Our research will make this process much simpler. If it is possible to represent the loss function for a problem and the set of all possible solutions in terms of finite state automata, then our techniques lead directly to an efficient dynamic oracle. This means that we will be able to extend error aware training to a wider range of existing and new problems in this field.

Friday, August 6, 2021

*SEM 2021: The 10th Joint Conference on Lexical and Computational Semantics
QA Session 6: Discourse, Dialog, Generation (15:54-16:02 PM UTC)
Poster Session 6: Discourse, Dialog, Generation (16:10-17:00 PM UTC)
Disentangling Online Chats with DAG-Structured LSTMs
Duccio Pappadopulo (Bloomberg), Lisa Bauer (UNC Chapel Hill), Marco Farina (Bloomberg), Ozan İrsoy (Bloomberg), Mohit Bansal (UNC)

Click here to read "Disentangling Online Chats with DAG-structured LSTMs" published at *SEM 2021 on August 6, 2021

Please summarize your research.

Duccio: Online chat and text messaging systems are very common communication tools nowadays. The text conversations among groups of users have rich, complex structures that can be an obstacle for downstream NLP  tasks such as question answering, summarization or topic modeling. Disentangling these interwoven conversation threads is a crucial step before these other tasks can be performed.

To simplify this quite challenging clustering problem, it is intuitive to assume the existence of a binary relation between posts, where a post either starts a new thread (e.g., by asking a new question) or replies to a previous thread. Once all the reply-to pairs have been identified, threads immediately follow.

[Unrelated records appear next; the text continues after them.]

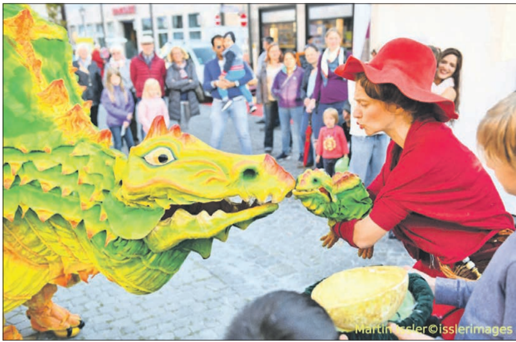
Beim diesjährigen Eschenfest am 13. und 14. Mai begeistern auch verschiedene „Walk-Acts“ wie „Onil der Drache“ die Besucher.
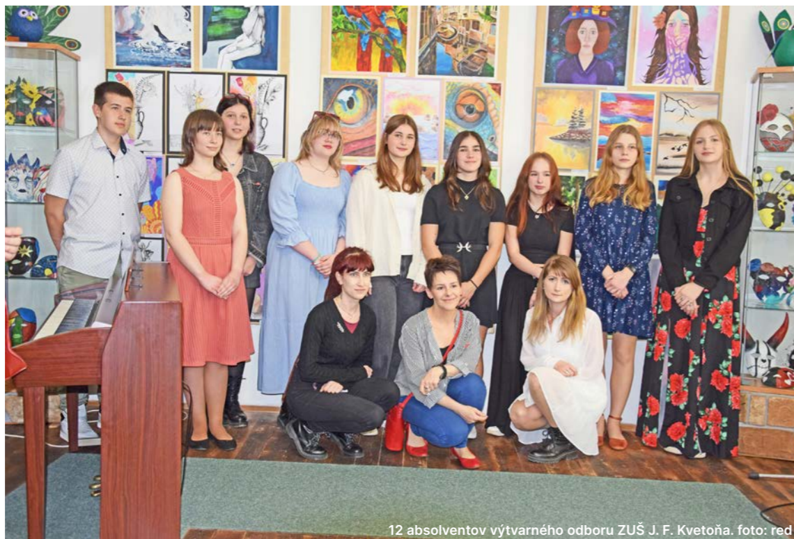
12 absolventov výtvarného odboru ZUŠ J. F. Kvetoňa.

Slávnostná vernisáž výstavy sa konala v piatok 12. apríla v mestskom múzeu. So svojimi výtvarnými prácami sa predstavilo 12 absolventov a 30 žiakov. Vystavené diela sú charakteristické svojou rôznorodosťou a bohatstvom výtvarných prác, ktoré ponúkajú pohľad na svet okolo nás cez oči mladých umelcov. Od stvárnených krajín a portrétov až po abstraktné diela, každá práca nesie so sebou hlboké prepojenie s každodenným životom, s vecami, predstavami a pocitmi, ktoré nás formujú. Približne 100 vystavených obrazov je realizovaných v rôznych technikách ako kresba, maľba, grafika, modelovanie či iné dekoratívne činnosti. Témy, ktoré sa v ich dielach objavujú, sú rozmanité – od krajín a portrétov cez prírodné motívy a študijné kresby až po abstraktné výtvary a práce s presahom na divadelnú tvorbu. Výstava potrvá do 10. mája 2024.
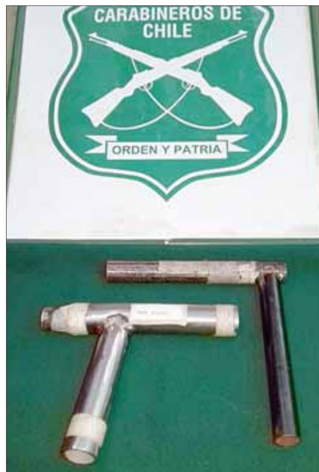
Carabineros de Llay Llay detuvo al imputado por los delitos de desacato y porte de arma hechiza.
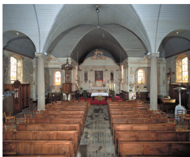
Vue intérieure vers le chœur (état en 2002) IVR53_20023500199XA
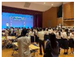
エコあまフェスタ (中央北 2023.6.10)

●エコあまフェスタ、打ち水大作戦などの実施拠点として、市民の皆さんに環境活動の大切さを楽しく伝えていきます。(ポブ)
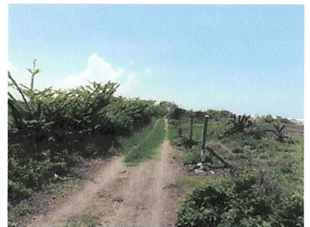
SERVIDUMBRE ACCESO A LOTE
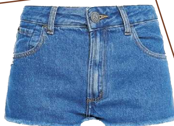
Shorts reto Moroni, da John John (R$ 268)
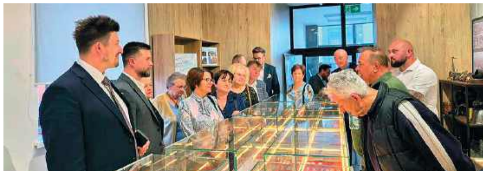
Z okazji 600 lecia praw miejskich Raciąża otwarto wystawę, na której można dotknąć historii miasta

Następne wydarzenie, związane z jubileuszem miasta to Korowód Dziejów Raciąża, który odbędzie się już 7 czerwca. KO
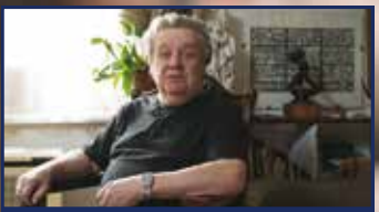
Törökkor Székesfehérváron 4-5. oldal
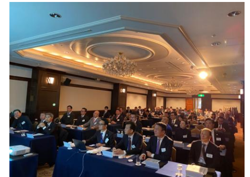
2024年1月定時社員総会 帝国ホテル
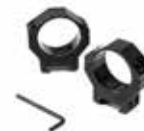
< TORCH MOUNT K7010018001
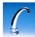
AUM3E Art.Nr. 66173
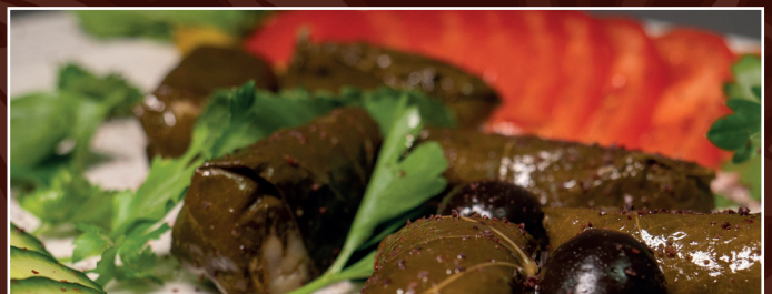
26. Dollmeh 8,90 € pikante Weinblätter gefüllt mit Duftreis
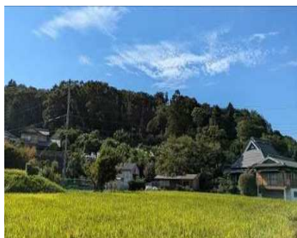
里山広葉樹林（北区山田町）

これらの取組みをより積極的に展開していくため、「森の未来都市神戸推進本部（仮称）」を立ち上げ、官民や庁内の横断的な連携を強化し森林施策を推進する。
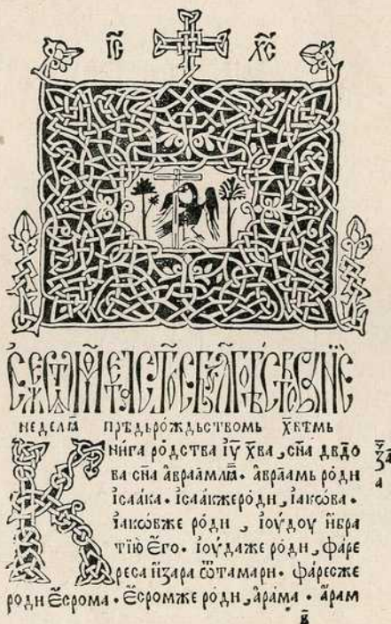
Четворојеванђеље (Београд, 1552)

The benefit of framing the problem this way, is that identifying reply-to pairs is a much simpler classification problem: given a post, we aim to predict which of the previous posts it is replying to.

Our work was motivated by a new dataset released in 2019 by Kummerfeld et al, which includes annotated reply-to pairs to be used for training to conversation disentanglement models.

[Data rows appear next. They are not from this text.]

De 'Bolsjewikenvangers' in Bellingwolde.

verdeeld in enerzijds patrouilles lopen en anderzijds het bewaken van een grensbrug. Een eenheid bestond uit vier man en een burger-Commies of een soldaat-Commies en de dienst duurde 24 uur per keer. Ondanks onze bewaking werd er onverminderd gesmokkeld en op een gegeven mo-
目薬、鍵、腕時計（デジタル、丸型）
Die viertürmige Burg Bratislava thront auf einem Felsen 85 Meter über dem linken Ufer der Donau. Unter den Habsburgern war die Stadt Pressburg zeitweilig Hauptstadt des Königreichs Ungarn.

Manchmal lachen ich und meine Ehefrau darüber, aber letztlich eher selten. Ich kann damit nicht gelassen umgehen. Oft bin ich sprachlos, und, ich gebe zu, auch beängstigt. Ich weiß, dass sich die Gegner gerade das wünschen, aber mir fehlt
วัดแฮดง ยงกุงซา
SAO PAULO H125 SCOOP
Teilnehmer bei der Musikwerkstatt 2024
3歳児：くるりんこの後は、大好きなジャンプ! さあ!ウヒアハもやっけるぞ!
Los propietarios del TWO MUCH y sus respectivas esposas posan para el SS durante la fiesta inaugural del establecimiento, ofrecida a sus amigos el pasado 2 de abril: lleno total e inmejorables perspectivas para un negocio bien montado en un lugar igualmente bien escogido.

In our paper, we introduce a new architecture to perform thread disentanglement. Building on our previous work, “Dialogue Act Classification in Group Chats with DAG-LSTMs,” published during the 1st Workshop on Conversational Interaction Systems at SIGIR 2019, we use DAG-LSTMs to encode textual features, as they allow us to keep track of the graph-like structure of a conversation generated by the existence of user turns and user mentions.

We expand the set of features introduced for the baseline model by Kummerfeld et al. in order to capture the instances in which a user mentions another using an abbreviated or misspelled version of their username.

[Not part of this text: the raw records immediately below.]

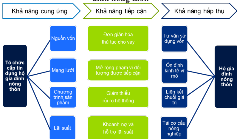
Hình 1. Các giải pháp chính sách tín dụng của ngành Ngân hàng trong việc thúc đẩy và phát huy hiệu quả tín dụng hộ gia đình nông thôn

Xây dựng cơ sở hạ tầng tổ chức chỉ đạo và cơ chế phối hợp đồng bộ
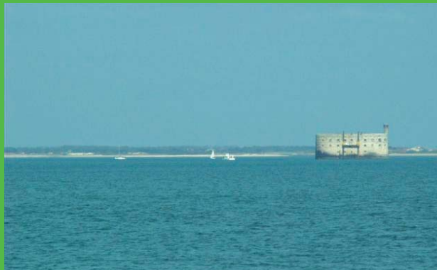
Pointe des Saumonards

André GENDRON 110 rue des Gitonnelles Sauzelle 17190 ST GEORGES D'OLÉRON ☎ 05 46 47 15 22
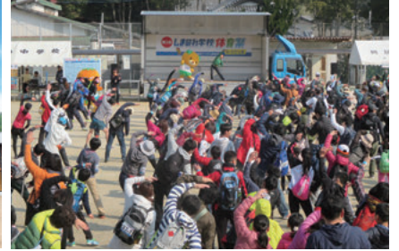
「しまのわ学校体育祭inごこしま」
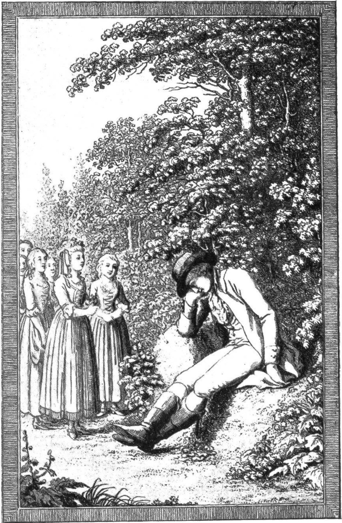
Die Spinnerfinder kommen, dem Junfer mit Freuden zu danken für die erwiesenen Guttaten
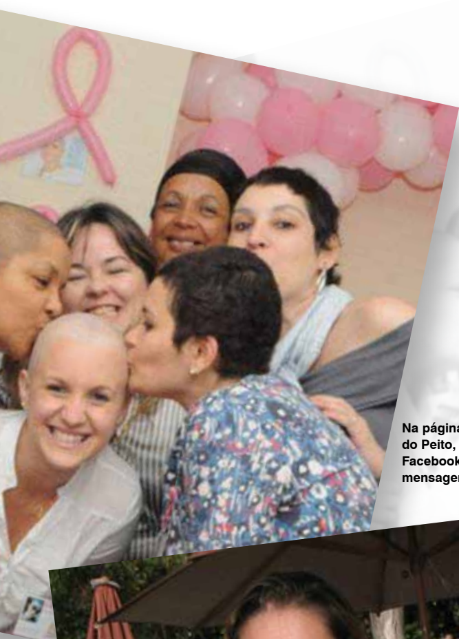
Na página Amigas do Peito, no Facebook, fotos e mensagens positivas
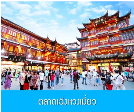
ตลาดเจิงหวงเมี่ยว

เช้า รับประทานอาหารเช้า ณ ห้องอาหารของโรงแรม (6)
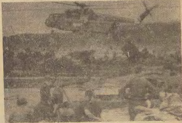
Przybyła do południowego Wietnamu z fortu Benninga w Georgii pierwsza amerykańska dywizja tzw. „kawalerii powietrznej” rozpoczęła instalowanie się w miejscowości An Khe na płaskowyżu wietnamskim w odległości 350 km na północny wschód od Sajgonu.

Przemysł elektromaszynowy ugruntował sobie w naszej gospodarce przodującą pozycję - dostarcza czwartej części produkcji przemysłowej. Zakłady tej gałęzi wytwarzają ponad 20 tys. wyrobów. W br. wytworzymy turbiny i generatory o łącznej mocy 570 MW (w 1960 r. - 186 MW). Polska jest jednym z 6 krajów europejskich budujących turbiny o mocy większej niż 100 MW.
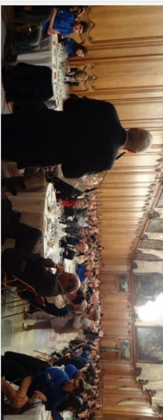
Dîner de clôture de l'université d'automne du M.E.F. 12.10.13, Caen

Le Mouvement Européen-France (M.E.F.) est une association qui regroupe – au-delà de leur appartenance politique – les hommes, les femmes et les associations qui souhaitent s'engager en faveur de la construction européenne dans une perspective fédérale . Sa vocation est de « développer dans le peuple français la prise de conscience de l'Europe et de la communauté de destin des peuples qui la composent » .
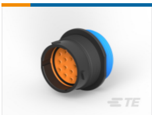
TE 产品编号2293822-1 HDP24-24-16PE-L024, REC, 16P, E, THD, 12,P
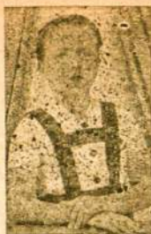
BIRUTĖLĖ ŠLEIVYTĖ, gražiai deklamavusi eilėraščius kultūriečių popietyje kartu su Feliksu Grigiuku (ne Grigu).
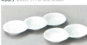
39253-469 白だんご3連皿 1,500円 60入 (26.2×9.5×2.6cm) 39254-469 白だんご2連皿 1,100円 100入 (17.8×9.5×2.6cm)
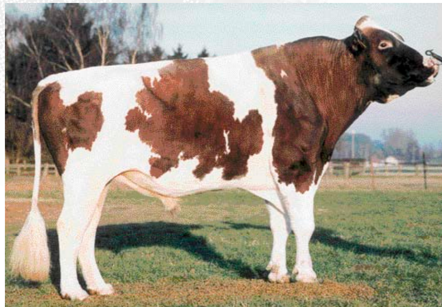
Jubilantzoon Jubel: extreme vererfer van laag ureumgetal
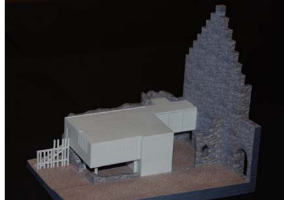
Maquette de l'annexe à la maison de Stolzenbourg (Bourscheid)

Château de Brandenburg : début des travaux pour la mise en place d'un circuit sécurisé (remblais, système de drainage, fondations en béton, gros-œuvre, forage et carottage).
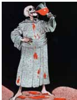
Louis Raemaekers, To your health, civilization , 1916.

het leed van gewone mensen. De zinloosheid van de oorlog wordt altijd geschreven met het bloed van weerloze burgers, de krijgsheren blijven op de achtergrond. Door zijn tekeningen
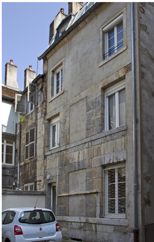
deuxième logis secondaire, façade postérieure : de trois quarts droit.

25, Besançon, 26 rue Mégevand, lieudit : îlot Mairie
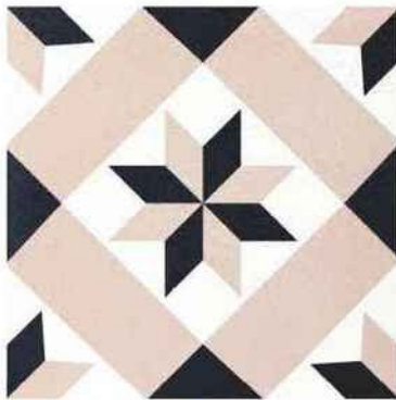
Graphique Carreau de ciment « Rose des vents », 20 x 20 cm, 75 teintes, 114 € le m 2 , Bahya.
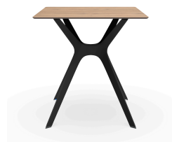
Mesa Compacto Fenolico 70x70 Roble Nat. Pie Vela &quot;S&quot; Negro 04059..1X.
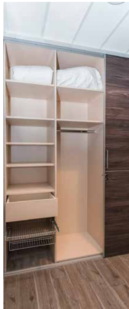
Priročna in dostopna dvokrilna omara z izvlečnimi elementi in dvojnimi zaklepanjem
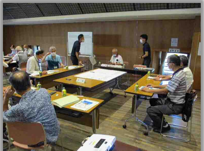
第5回協議会の様子（意見交換）

Excerpt from the IRC dataset (left) and our reply-to classifier architecture (right)
Excerpt from the IRC dataset (left) and our reply-to classifier architecture (right). Blue dots represent a unidirectional DAG-LSTM unit processing the states coming from the children of the current node. Red dots represent the GRU units performing thread encoding. At this point in time, we are computing the score (log-odds) of fifth utterance replying to the third.

Why are these results notable? How does it advance the state-of-the-art in the field of natural language processing/computational linguistics?
Our work achieves state-of-the-art results in the task of recovering reply-to relations.

We performed thorough feature ablation experiments showing that our model and new handcrafted features provide a significant improvement with respect to existing strong baselines, thanks to their ability to capture the uniquely complex structure of conversational data, leveraging relationships in user turns and mentions.

While the new features we introduce are tailored to the dataset we used to evaluate our model, the DAG-LSTM architecture is flexible enough to be applied to other datasets for which disentanglement is a prerequisite for downstream tasks. In particular, while we only use user turn and user mentions metadata to define parent-child links in the DAG-LSTM graph, additional relations can be used. Examples include time difference, the existence of common words in two utterances, or, more generally, any binary relation that can be dataset specific.

Furthermore, we believe our model is simple enough to allow for deployment in live scenarios where latency is a concern.